Even in those years this proved to be an expensive “hobby” with their first pair of green wing Macawas costing R20,000 and red Macawas sold for R40,000. Over the years these prices have doubled. As a result, they soon saw the potential of this becoming a profitable business, and Mills took this over as it became a full time job with her husband’s work often taking him away from home. As a result, he was unable to give the birds the attention required for the operation to be a success.
“The hobby had now become a full time business and required my full time attention. It is worse than having a small baby in the house when you have small chicks to feed,” she added.
Mills said she was a “town girl” and knew nothing about parrots, let alone breeding and raising them. She learnt what she could from her husband and also picked the brains of other breeders. One of the first things she had to learn quickly was parrots’ diets, as it was not just a case of feeding them sunflower seeds as most people think.
She explained that once the eggs were hatched after an incubation period of 28 days, the birds were immediately put on to a special diet suitable for the chicks. The reason for this was to get the chicks used to this food in preparation for them being taken away from their parents when they are two weeks old. They are then placed in a special bird room fitted with incubators and lights to keep them warm. It is not uncommon to have between 30 and 40 chicks in this room at the same time.
In addition to this, Mills hatches eggs (parrots lay three) in an incubator and then the real work begins. Besides having to regularly feed her “babies” that have been taken away from their parents, she has to feed these every hour. There have been times when she has spent 10 sleepless days when she has had to feed these chicks on the hour. This obviously restricts her movements, but when she has to go away she takes her chicks with her in specially made boxes to keep them warm. A keen bridge player, her chicks travel with her and she interrupts play to quickly feed them.
It is during this time that she handles them often to get them tame and starts teaching them to talk. “They get very tame and think I am their mother, so much so that they jump and sit on me,” she said.

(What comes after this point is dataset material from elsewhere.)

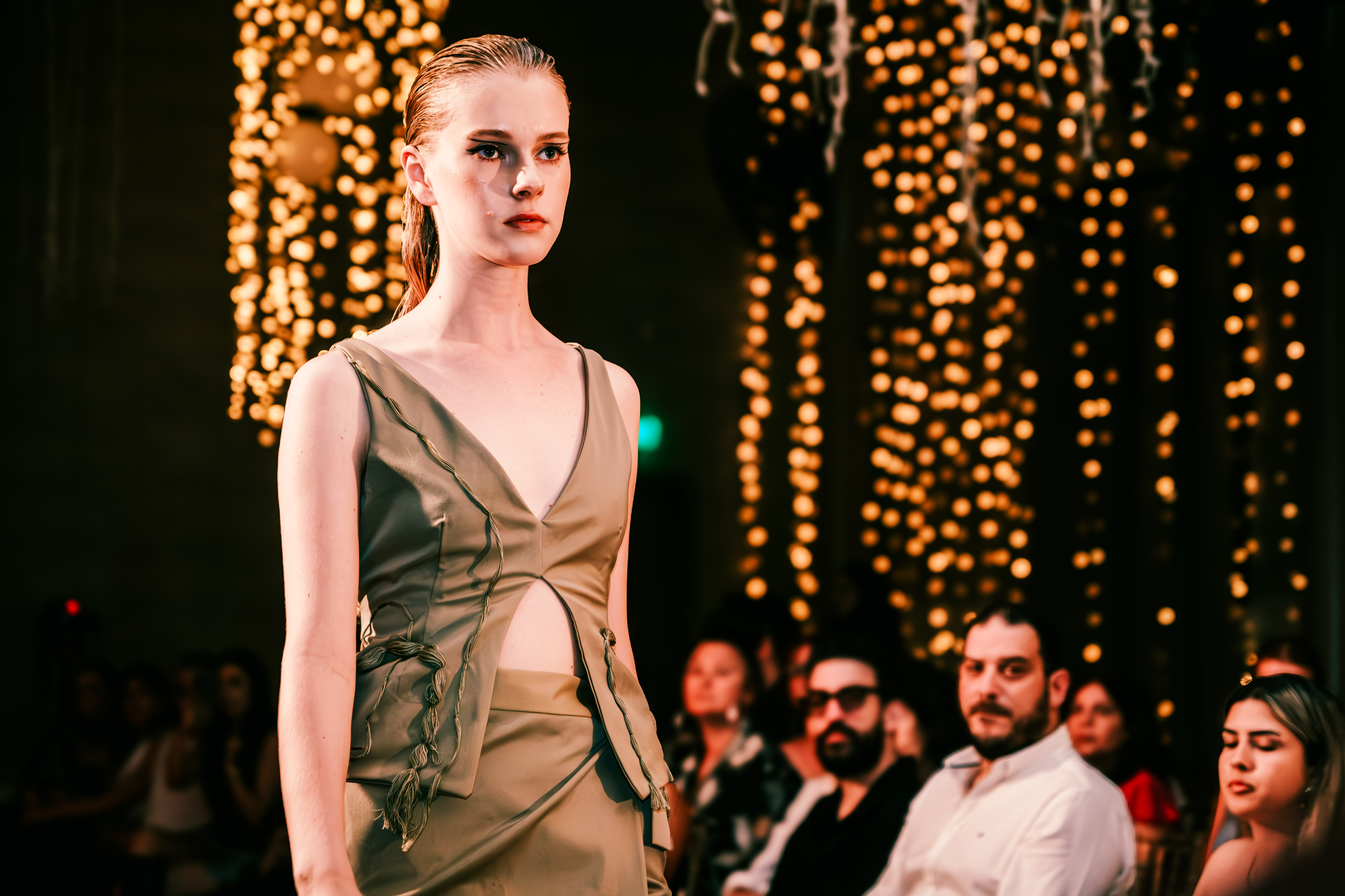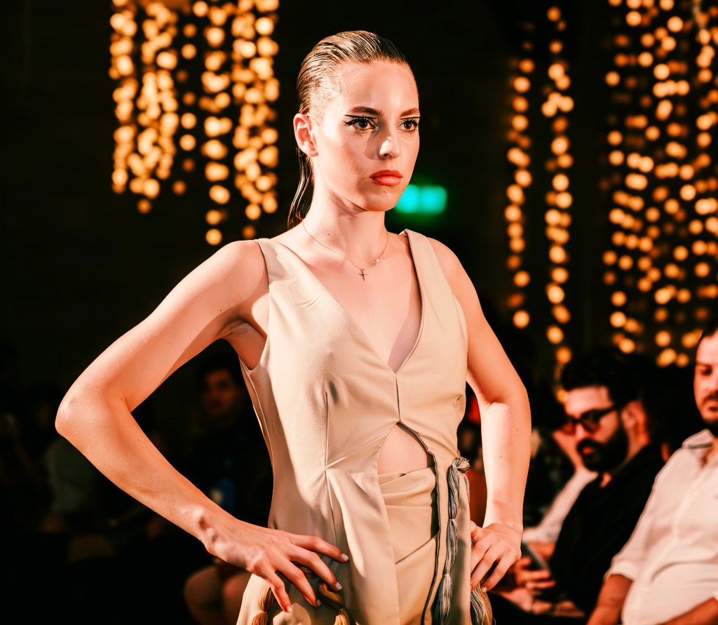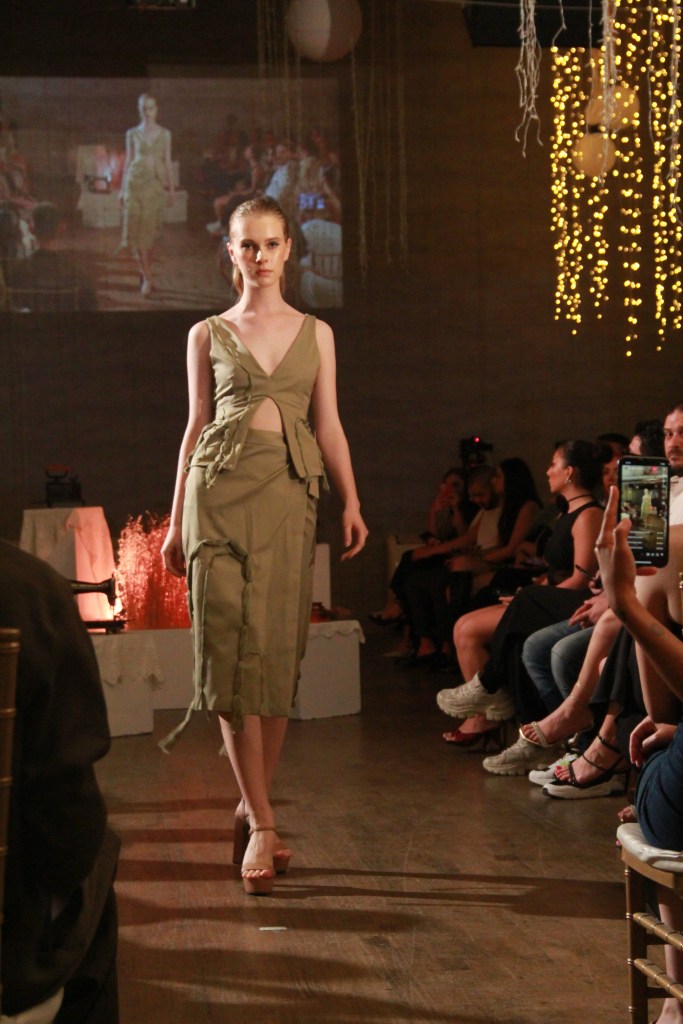 “Reimagining Cypriot architecture through fashion, Elin Yurtdaş brings the beauty of heritage into every stitch. Beige cotton canvas, reminiscent of her mother’s dowry chest, sets the stage for earthy green, sage, and brown threads inspired by olive trees and Lefkara embroidery. These intricate arches woven into each design are a tribute to Cyprus’ rich cultural legacy.” – FHNC Team

This has paid dividends when one day a cage door was left open by accident and 10 of her young parrots escaped and took refuge in a nearby tree. She explained that a parrot can go without food for three days and during this time she continued to call them with food in her hand. Because of this and the fact that they were tame and were accustomed to her she managed to retrieve all 10.
The parrots are sold at between three and four months old after they have been sexed by a vet and most are exported through an agent in Cradock. She also sells some to individuals.
Mills said parrots lived to an average age of 80 and were fairly easy to teach to talk. She explained that the art was to start them with one word before you taught them to say short sentences.
Yellow Napier Amazons will learn to speak “flat out”, but won’t change the tone of their voices. She concluded by saying,” The African Grey is a better talking bird. They will mimic ones voices and noises and easily change the tone of their voices. They are very clever.”